HCU: pegtibatinase and Phase 3 restart plans
Dube described homocystinuria as a genetic metabolic disease caused by defects in the CBS enzyme, leading to elevated homocysteine and methionine levels that can become toxic over time. He outlined potential consequences including cognitive and psychiatric effects, eye issues such as lens dislocation, and thrombotic risk, stating that about 25% of affected children will have an ischemic event before their teenage years and about half before age 30.
He said current management centers on dietary protein restriction and replacement with medical protein, along with vitamin B6 for patients who retain some enzyme activity, adding that about half of patients are responsive to B6. Dube said there are about 10,000 diagnosed patients in the U.S., with approximately 3,500 actively under care and not at goal, but also suggested that number may be underestimated because he believes about half of patients are not diagnosed despite newborn screening.
Travere said manufacturing scale-up challenges from more than a year ago have been resolved, enabling the company to restart the Phase 3 HARMONY study this quarter. Dube said the company expects enrollment to be quick, while noting a key trial consideration is managing variability driven by diet. He said the study includes an extensive screening period of more than eight weeks to stabilize diet before dosing. Travere said it typically provides guidance on the timeline for top-line data after first patient dosing, indicating that update would come later.

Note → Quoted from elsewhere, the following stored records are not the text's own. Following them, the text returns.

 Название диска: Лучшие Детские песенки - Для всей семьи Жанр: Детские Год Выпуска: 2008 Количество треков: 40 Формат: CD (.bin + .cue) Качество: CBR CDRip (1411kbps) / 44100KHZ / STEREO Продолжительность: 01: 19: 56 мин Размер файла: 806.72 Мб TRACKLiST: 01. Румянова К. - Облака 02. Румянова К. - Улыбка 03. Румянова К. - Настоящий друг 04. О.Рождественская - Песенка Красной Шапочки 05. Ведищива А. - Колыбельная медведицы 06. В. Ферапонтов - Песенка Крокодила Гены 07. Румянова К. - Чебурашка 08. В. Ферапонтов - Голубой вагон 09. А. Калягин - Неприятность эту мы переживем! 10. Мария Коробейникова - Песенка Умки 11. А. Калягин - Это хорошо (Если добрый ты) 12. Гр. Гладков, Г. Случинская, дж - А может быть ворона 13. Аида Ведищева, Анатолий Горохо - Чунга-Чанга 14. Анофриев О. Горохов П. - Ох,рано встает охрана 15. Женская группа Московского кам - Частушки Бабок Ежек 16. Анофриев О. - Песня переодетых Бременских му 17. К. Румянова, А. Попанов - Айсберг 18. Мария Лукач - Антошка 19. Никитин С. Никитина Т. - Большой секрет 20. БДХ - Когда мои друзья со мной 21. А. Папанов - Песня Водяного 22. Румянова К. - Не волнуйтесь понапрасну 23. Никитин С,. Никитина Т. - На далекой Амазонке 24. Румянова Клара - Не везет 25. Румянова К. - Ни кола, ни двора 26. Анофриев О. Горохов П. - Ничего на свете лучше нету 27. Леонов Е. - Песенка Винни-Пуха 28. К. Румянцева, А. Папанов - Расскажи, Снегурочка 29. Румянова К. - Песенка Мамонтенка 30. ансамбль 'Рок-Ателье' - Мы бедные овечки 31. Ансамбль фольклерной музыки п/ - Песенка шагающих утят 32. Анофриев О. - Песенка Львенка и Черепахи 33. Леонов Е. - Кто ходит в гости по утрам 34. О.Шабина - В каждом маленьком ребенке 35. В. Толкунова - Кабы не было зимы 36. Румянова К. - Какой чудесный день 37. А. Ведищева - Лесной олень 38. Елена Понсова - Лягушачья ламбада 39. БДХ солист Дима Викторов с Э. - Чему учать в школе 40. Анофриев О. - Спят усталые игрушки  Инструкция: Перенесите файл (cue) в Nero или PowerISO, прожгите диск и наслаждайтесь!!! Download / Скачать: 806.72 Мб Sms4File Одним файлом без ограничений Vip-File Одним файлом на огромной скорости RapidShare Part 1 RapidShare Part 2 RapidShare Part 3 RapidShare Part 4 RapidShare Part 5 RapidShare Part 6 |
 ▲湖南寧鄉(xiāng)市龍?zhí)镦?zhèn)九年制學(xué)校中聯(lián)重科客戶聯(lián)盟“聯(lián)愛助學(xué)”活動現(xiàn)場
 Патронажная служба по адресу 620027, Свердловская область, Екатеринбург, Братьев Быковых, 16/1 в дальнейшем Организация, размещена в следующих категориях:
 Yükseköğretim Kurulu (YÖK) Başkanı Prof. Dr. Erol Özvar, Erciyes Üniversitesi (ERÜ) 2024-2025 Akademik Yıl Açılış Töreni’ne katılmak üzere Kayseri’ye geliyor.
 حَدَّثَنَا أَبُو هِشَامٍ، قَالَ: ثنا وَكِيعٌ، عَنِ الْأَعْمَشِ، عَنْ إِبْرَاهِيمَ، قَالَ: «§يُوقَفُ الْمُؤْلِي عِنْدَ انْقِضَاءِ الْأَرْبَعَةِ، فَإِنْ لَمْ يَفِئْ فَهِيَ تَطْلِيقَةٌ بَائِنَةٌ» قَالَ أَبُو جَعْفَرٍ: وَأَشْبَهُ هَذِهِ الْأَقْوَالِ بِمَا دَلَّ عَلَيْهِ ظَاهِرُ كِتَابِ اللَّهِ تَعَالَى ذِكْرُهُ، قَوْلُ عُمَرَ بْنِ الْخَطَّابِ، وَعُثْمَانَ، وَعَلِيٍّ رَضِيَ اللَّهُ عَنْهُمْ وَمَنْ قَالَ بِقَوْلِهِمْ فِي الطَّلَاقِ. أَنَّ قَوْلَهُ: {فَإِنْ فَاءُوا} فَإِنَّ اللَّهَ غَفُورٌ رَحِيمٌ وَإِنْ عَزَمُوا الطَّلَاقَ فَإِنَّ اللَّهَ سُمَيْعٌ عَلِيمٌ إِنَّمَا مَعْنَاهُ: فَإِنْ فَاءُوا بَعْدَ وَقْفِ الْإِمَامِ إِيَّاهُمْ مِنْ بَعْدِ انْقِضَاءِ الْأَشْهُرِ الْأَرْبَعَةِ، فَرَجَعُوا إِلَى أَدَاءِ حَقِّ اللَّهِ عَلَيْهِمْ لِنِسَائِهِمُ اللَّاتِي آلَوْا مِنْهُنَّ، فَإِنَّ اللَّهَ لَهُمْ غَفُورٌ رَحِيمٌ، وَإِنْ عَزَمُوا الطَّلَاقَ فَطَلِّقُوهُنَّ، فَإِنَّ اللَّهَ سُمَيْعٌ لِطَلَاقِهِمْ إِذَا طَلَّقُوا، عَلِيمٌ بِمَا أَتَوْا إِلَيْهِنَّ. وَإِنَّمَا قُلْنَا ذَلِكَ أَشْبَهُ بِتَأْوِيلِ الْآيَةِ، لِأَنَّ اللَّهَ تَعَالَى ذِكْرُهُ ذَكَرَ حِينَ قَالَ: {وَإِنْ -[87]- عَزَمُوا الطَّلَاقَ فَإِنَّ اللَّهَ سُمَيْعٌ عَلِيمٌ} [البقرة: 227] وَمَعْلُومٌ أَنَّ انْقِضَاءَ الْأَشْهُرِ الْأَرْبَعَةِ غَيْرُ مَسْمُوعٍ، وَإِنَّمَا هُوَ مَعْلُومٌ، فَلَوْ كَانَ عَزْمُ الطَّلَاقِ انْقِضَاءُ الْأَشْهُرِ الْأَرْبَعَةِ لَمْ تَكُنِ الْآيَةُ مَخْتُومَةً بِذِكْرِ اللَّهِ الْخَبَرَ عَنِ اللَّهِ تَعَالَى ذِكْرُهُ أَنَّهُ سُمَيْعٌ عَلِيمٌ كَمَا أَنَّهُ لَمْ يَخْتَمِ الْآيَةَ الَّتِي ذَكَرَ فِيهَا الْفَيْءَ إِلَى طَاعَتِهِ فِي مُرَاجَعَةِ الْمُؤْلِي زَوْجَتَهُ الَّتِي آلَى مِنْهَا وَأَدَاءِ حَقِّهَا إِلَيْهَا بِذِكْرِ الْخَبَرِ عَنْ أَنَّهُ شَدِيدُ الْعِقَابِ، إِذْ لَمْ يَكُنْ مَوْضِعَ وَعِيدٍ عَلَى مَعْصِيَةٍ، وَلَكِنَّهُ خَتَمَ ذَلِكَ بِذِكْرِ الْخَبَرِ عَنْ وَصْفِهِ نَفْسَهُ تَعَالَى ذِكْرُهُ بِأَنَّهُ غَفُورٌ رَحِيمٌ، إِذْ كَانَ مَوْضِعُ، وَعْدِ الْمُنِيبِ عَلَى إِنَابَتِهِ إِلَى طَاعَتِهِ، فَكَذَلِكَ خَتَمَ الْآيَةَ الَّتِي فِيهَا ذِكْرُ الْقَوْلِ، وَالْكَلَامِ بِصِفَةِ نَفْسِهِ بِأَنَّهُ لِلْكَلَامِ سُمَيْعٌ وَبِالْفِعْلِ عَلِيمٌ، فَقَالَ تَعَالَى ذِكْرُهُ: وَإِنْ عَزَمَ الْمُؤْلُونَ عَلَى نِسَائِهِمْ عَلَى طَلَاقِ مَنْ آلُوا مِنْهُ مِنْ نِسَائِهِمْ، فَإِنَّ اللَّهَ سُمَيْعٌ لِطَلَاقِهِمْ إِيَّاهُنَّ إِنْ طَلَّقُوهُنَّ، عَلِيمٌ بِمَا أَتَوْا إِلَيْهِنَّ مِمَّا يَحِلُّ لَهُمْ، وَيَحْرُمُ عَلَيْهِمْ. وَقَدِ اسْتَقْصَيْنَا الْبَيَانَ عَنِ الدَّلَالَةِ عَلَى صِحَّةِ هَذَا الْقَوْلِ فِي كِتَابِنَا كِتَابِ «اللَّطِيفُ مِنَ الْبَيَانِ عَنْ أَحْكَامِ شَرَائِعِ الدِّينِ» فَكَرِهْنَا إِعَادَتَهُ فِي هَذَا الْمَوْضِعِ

On competition in HCU, Dube said the company does not see anything in clinical development, though Travere still intends to move quickly.
Patent outlook, business development, and cash position
CFO Chris Cline addressed questions on FILSPARI’s patent estate, stating that the company’s base case is exclusivity through 2033. He said this expectation is grounded in an Orange Book-listed patent with patent term extension and orphan drug exclusivity for each indication, and added that additional work underway with PTO review could extend protection beyond 2033.

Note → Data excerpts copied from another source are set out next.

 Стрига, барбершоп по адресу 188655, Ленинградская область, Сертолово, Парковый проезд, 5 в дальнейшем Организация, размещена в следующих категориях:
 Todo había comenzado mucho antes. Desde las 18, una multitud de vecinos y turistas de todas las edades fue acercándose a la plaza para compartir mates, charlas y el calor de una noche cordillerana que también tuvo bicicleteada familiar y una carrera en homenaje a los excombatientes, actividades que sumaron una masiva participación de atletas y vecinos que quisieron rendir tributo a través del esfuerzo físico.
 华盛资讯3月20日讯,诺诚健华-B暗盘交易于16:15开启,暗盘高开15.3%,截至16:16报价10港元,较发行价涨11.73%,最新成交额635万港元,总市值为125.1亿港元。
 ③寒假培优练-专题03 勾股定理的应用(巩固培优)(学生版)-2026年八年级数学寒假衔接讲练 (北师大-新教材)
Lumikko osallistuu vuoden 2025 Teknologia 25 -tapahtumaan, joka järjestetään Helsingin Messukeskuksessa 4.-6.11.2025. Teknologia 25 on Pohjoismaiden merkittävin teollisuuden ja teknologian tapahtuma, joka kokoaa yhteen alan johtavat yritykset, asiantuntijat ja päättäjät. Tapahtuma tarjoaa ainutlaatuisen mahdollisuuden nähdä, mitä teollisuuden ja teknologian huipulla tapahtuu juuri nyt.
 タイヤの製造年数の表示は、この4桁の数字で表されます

Cline also said Travere is interested in business development after the FSGS process, contingent on internal capacity, with a focus on assets that have synergies with the company’s mid-to-late-stage development and commercial capabilities.
On liquidity, Cline said Travere ended the year with $323 million in cash and does not see a near-term need for capital. He said the company believes it can fund its priorities of maintaining IgAN momentum, pursuing approval and launch execution in FSGS, and advancing pegtibatinase toward potential commercialization.
About Travere Therapeutics (NASDAQ:TVTX)
Travere Therapeutics, Inc (NASDAQ: TVTX) is a biopharmaceutical company headquartered in San Diego, California, dedicated to the development and commercialization of therapies for rare kidney and genetic disorders. The company’s mission is to address unmet needs in conditions with limited treatment options by focusing on diseases that affect small patient populations. Travere combines research, development and commercial capabilities to bring innovative medicines to market.
The company’s lead product is sparsentan, a dual endothelin angiotensin receptor antagonist that has received accelerated approval from the U.S.